Tune banking_stage receive loop timing#25172

Merged
mergify[bot] merged 1 commit into
solana-labs:masterfrom
pgarg66:banking-stage-recv
May 13, 2022
Merged

Tune banking_stage receive loop timing#25172
mergify[bot] merged 1 commit into
solana-labs:masterfrom
pgarg66:banking-stage-recv

Conversation

@pgarg66
Copy link
Copy Markdown
Contributor

@pgarg66 pgarg66 commented May 12, 2022

Problem

Banking stage is not able to keep up with receiving packets sent by the sigverify stage. The problem gets worse for QUIC, since each packet batch contains only one packet. This results into a lot of blockhash_not_found and blockhash_too_old errors.

Summary of Changes

Banking stage uses different receive timeout value based on whether packets are buffered. This PR updates the receive loop's greedy receive logic to use this timeout to continue to receive more packet batches.

Also, the PR computes the upper bound for receiving packet batches based on how many more can be buffered. This makes it more dynamic, and buffer capacity driven.

Tested the PR by running a dev cluster.

The TPS numbers are better:
Baseline
image

With this PR
image

The blockhash_not_found errors have drastically reduced
Baseline
image

With this PR
image

The count of blockhash_too_old errors hasn't changed. So need more analysis of that.

Fixes #

@pgarg66 pgarg66 requested a review from sakridge May 12, 2022 19:15
Copy link
Copy Markdown
Contributor

@ryleung-solana ryleung-solana left a comment

Choose a reason for hiding this comment

The reason will be displayed to describe this comment to others. Learn more.

While this tuning probably helps, I still see an apparent downtrend over time in the TPS, and as you mentioned, the blockhash_too_old errors are still there, so I'm not convinced as yet that this really addresses the root cause of the issue. It's a very strange thing we're seeing since all of these bottlenecks are downstream of quic and sigverify, by which point it shouldn't matter whether the packets arrived via UDP or Quic... the only qualitative difference I can think of is that packets arriving via Quic arrive in small batches, but rebatching them doesn't seem to have done anything...

Comment thread core/src/banking_stage.rs
@pgarg66
Copy link
Copy Markdown
Contributor Author

pgarg66 commented May 12, 2022

While this tuning probably helps, I still see an apparent downtrend over time in the TPS, and as you mentioned, the blockhash_too_old errors are still there, so I'm not convinced as yet that this really addresses the root cause of the issue. It's a very strange thing we're seeing since all of these bottlenecks are downstream of quic and sigverify, by which point it shouldn't matter whether the packets arrived via UDP or Quic... the only qualitative difference I can think of is that packets arriving via Quic arrive in small batches, but rebatching them doesn't seem to have done anything...
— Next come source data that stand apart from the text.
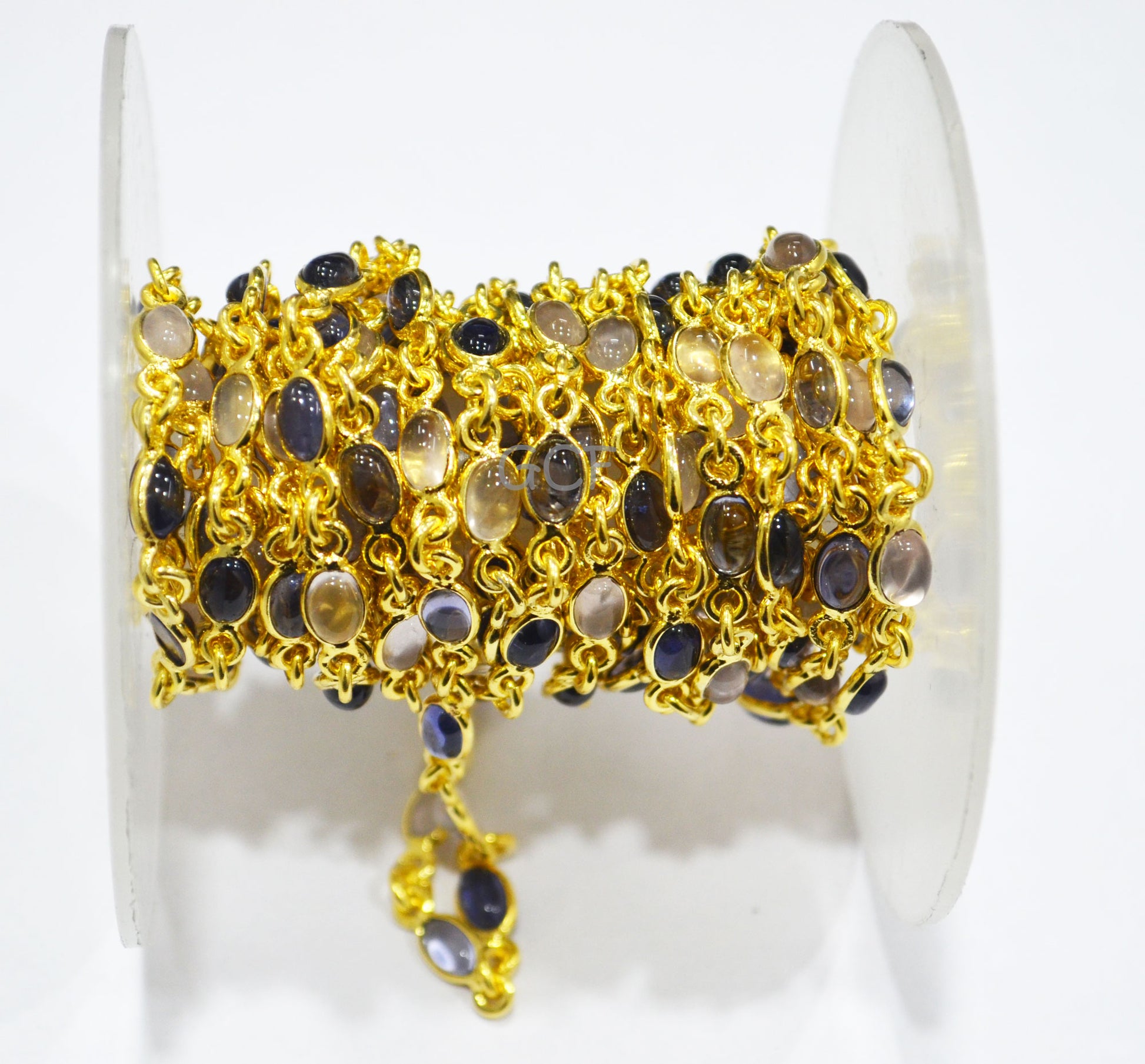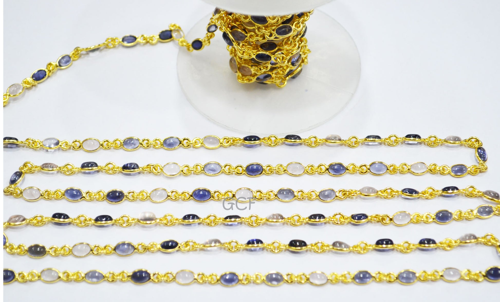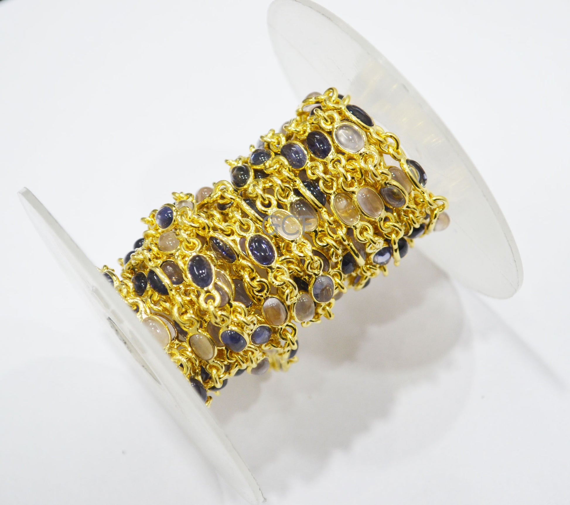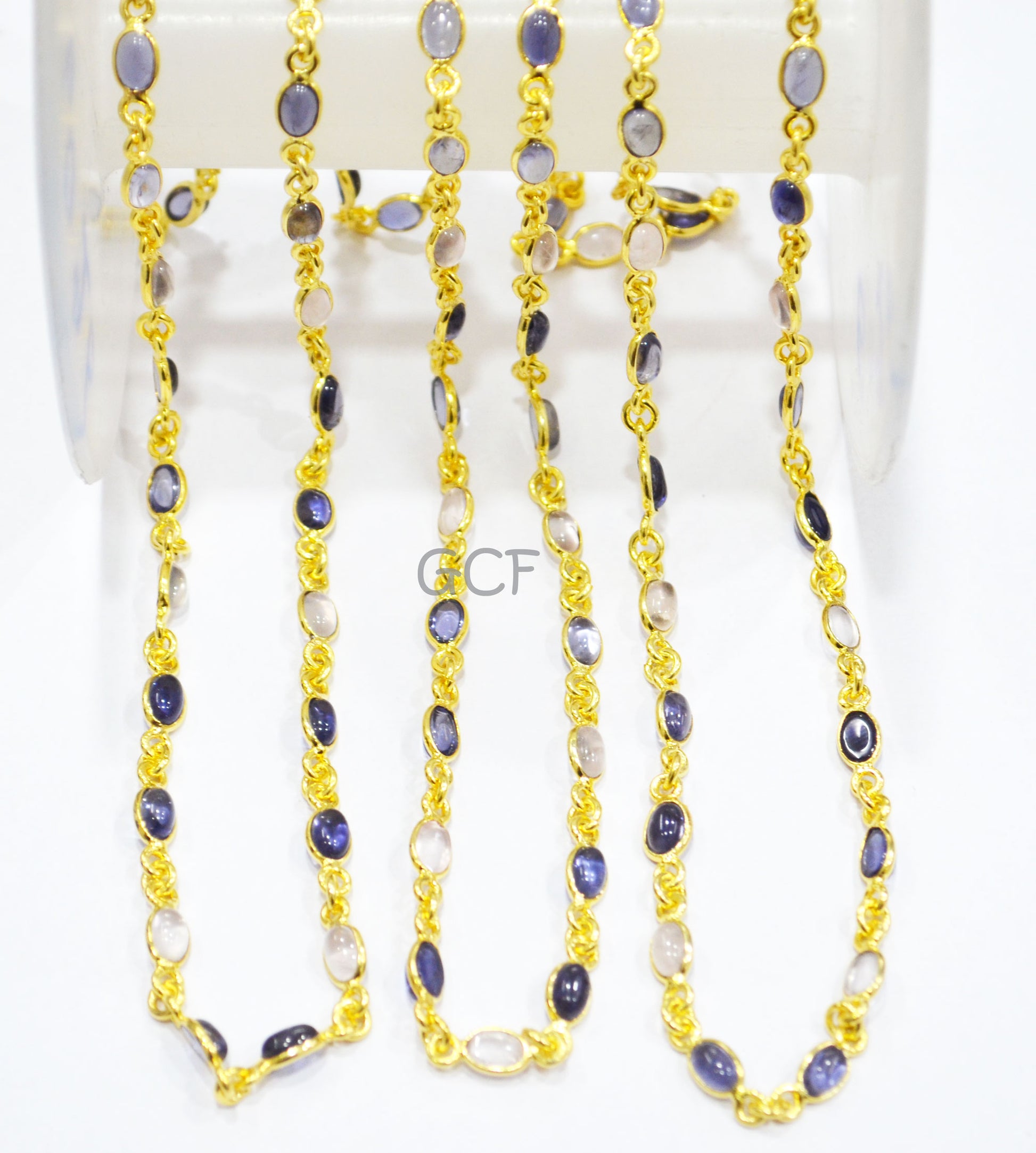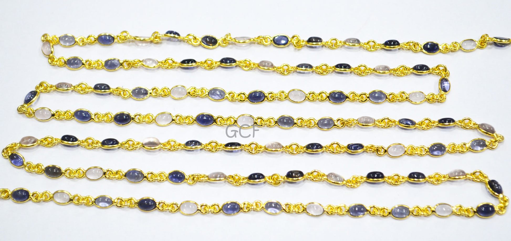 Rose Quartz And Iolite Smooth Connector Chain , Rose Quartz And Iolite Oval Shape Bezel Link ChainΒ , 5x6 mm , RB-6986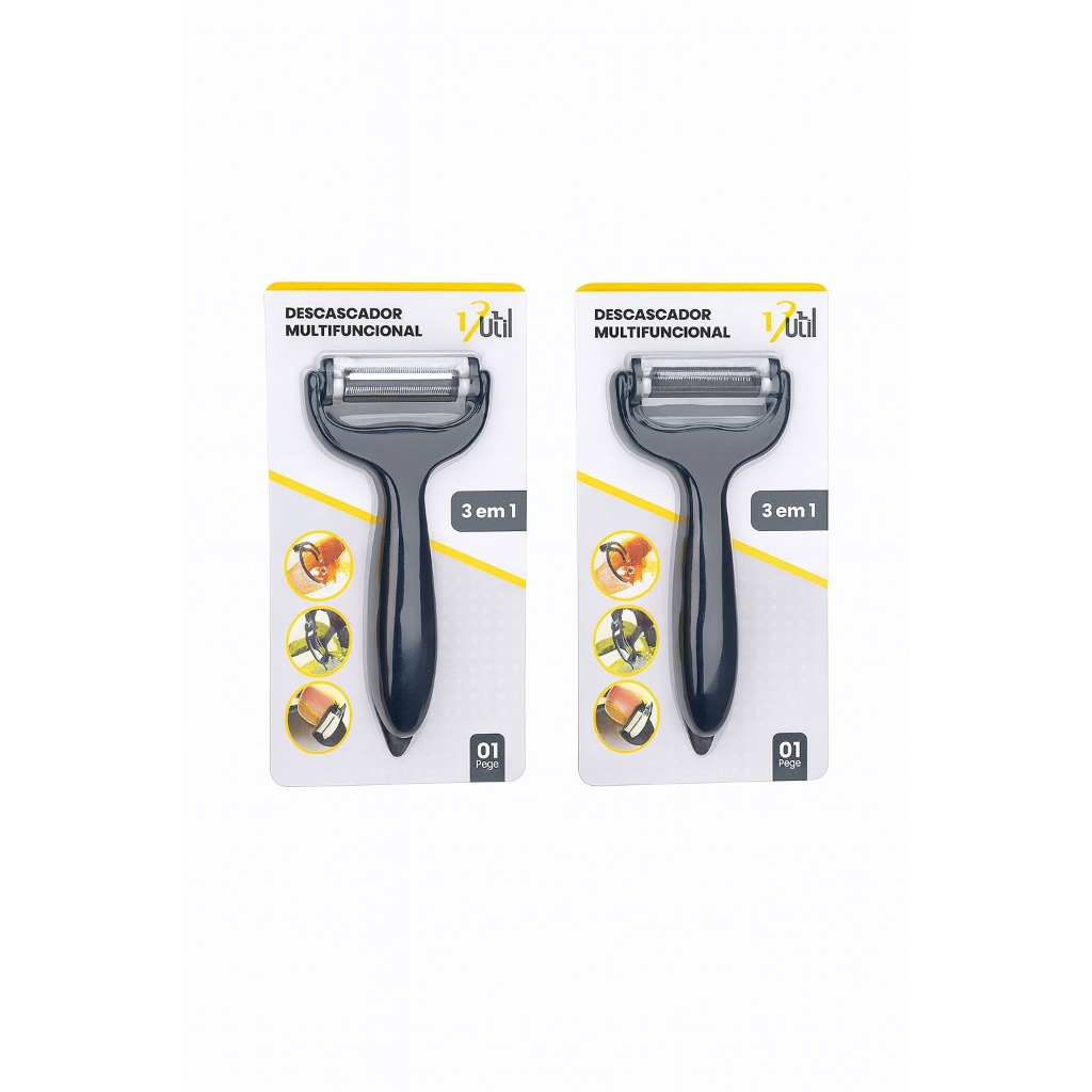 Descascador Multifuncional 3 em 1 Fatiador Prático De Legumes Frutas 3 Laminas Afiadas Aço Inox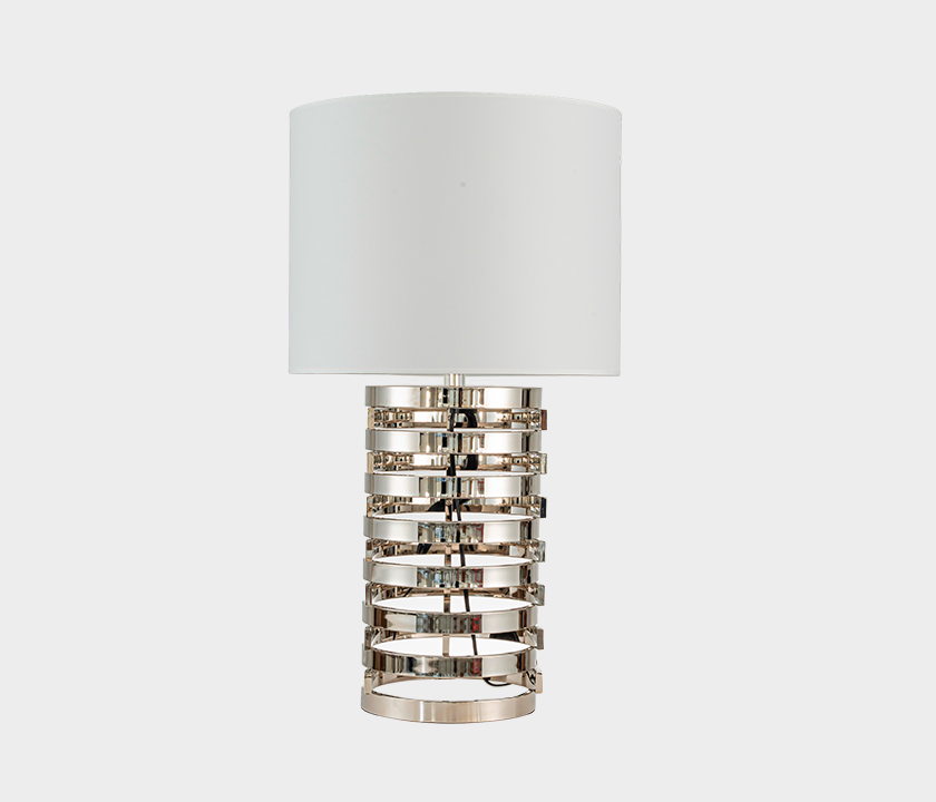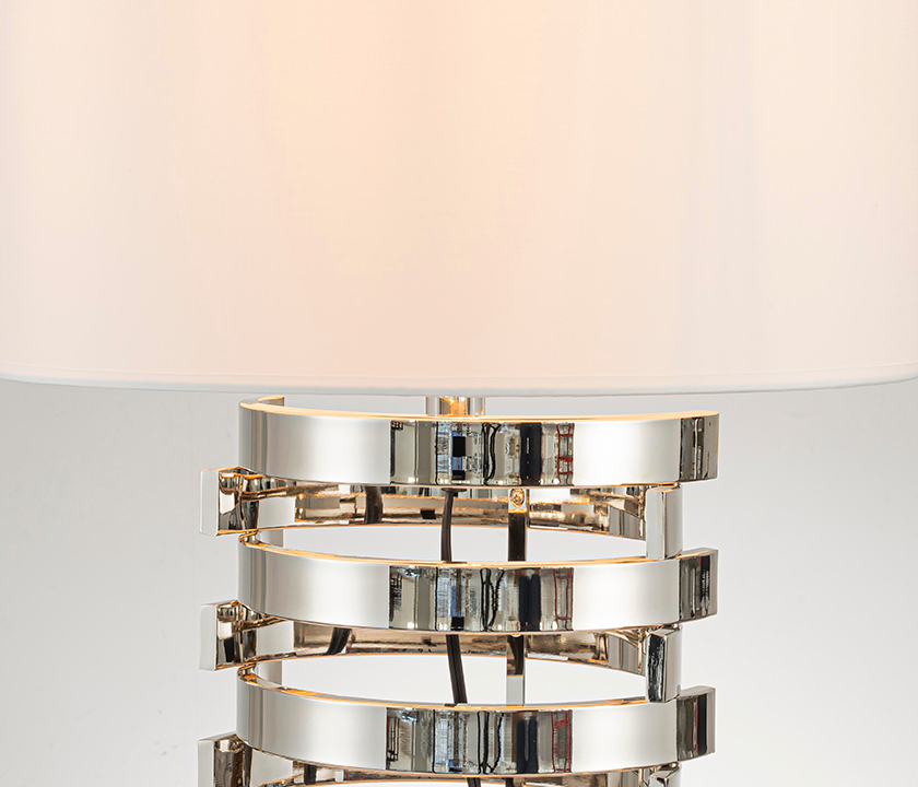 • Made of metal with a linen fabric shade

I don't think there is one root cause to all these issues. We need to remove the wrinkles at different parts of the pipeline. This smoothens out the interconnect between sigverify stage and banking stage. It does not degrade any performance. Definitely need more fixes for blockhash_too_old errors.

@ryleung-solana
Copy link
Copy Markdown
Contributor

While this tuning probably helps, I still see an apparent downtrend over time in the TPS, and as you mentioned, the blockhash_too_old errors are still there, so I'm not convinced as yet that this really addresses the root cause of the issue. It's a very strange thing we're seeing since all of these bottlenecks are downstream of quic and sigverify, by which point it shouldn't matter whether the packets arrived via UDP or Quic... the only qualitative difference I can think of is that packets arriving via Quic arrive in small batches, but rebatching them doesn't seem to have done anything...

I don't think there is one root cause to all these issues. We need to remove the wrinkles at different parts of the pipeline. This smoothens out the interconnect between sigverify stage and banking stage. It does not degrade any performance. Definitely need more fixes for blockhash_not_found errors.

Agreed, and this definitely looks like it could help. Pending the other comment, this looks good.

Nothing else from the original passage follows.